> Recorded information:
################
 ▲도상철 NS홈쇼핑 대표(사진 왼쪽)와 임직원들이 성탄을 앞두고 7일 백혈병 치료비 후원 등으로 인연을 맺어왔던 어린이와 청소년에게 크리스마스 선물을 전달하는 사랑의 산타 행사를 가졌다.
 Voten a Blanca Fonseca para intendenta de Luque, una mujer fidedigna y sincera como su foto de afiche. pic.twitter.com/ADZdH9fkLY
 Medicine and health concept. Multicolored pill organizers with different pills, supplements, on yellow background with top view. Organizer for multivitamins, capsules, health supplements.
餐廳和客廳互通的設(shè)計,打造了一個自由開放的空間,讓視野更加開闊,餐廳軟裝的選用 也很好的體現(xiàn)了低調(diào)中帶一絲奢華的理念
################
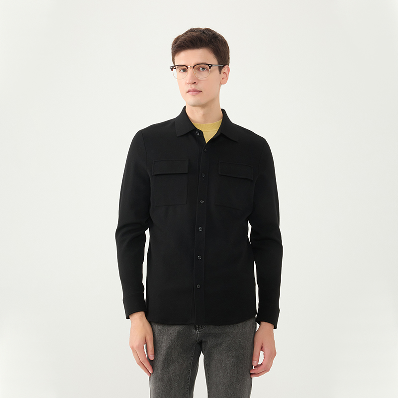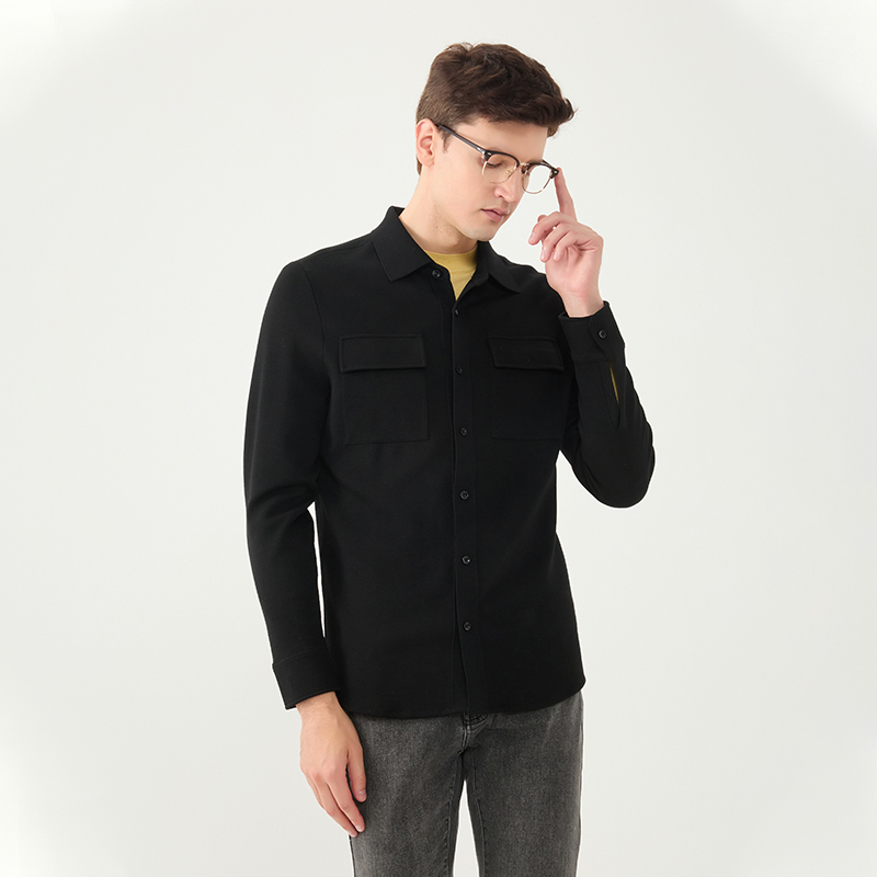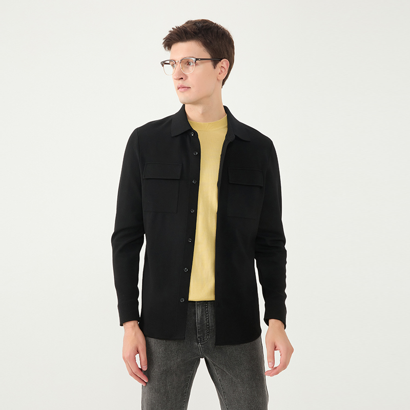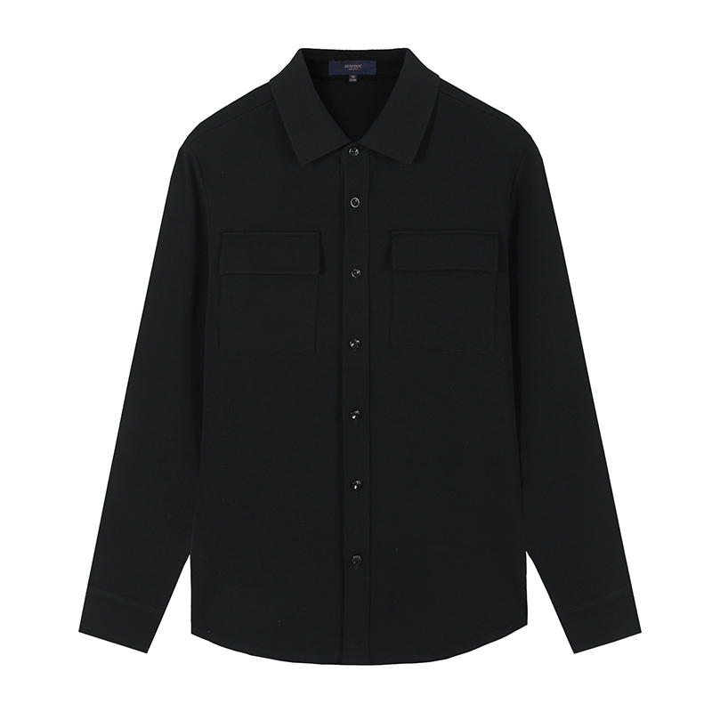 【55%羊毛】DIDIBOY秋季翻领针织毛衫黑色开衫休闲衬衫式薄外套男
################
What you return must be the lines above that run from the line with "Medicine and health" to the line with "餐廳和客廳互通的設(shè)", inclusive, each copied exactly.

> Response area:
 Medicine and health concept. Multicolored pill organizers with different pills, supplements, on yellow background with top view. Organizer for multivitamins, capsules, health supplements.
餐廳和客廳互通的設(shè)計,打造了一個自由開放的空間,讓視野更加開闊,餐廳軟裝的選用 也很好的體現(xiàn)了低調(diào)中帶一絲奢華的理念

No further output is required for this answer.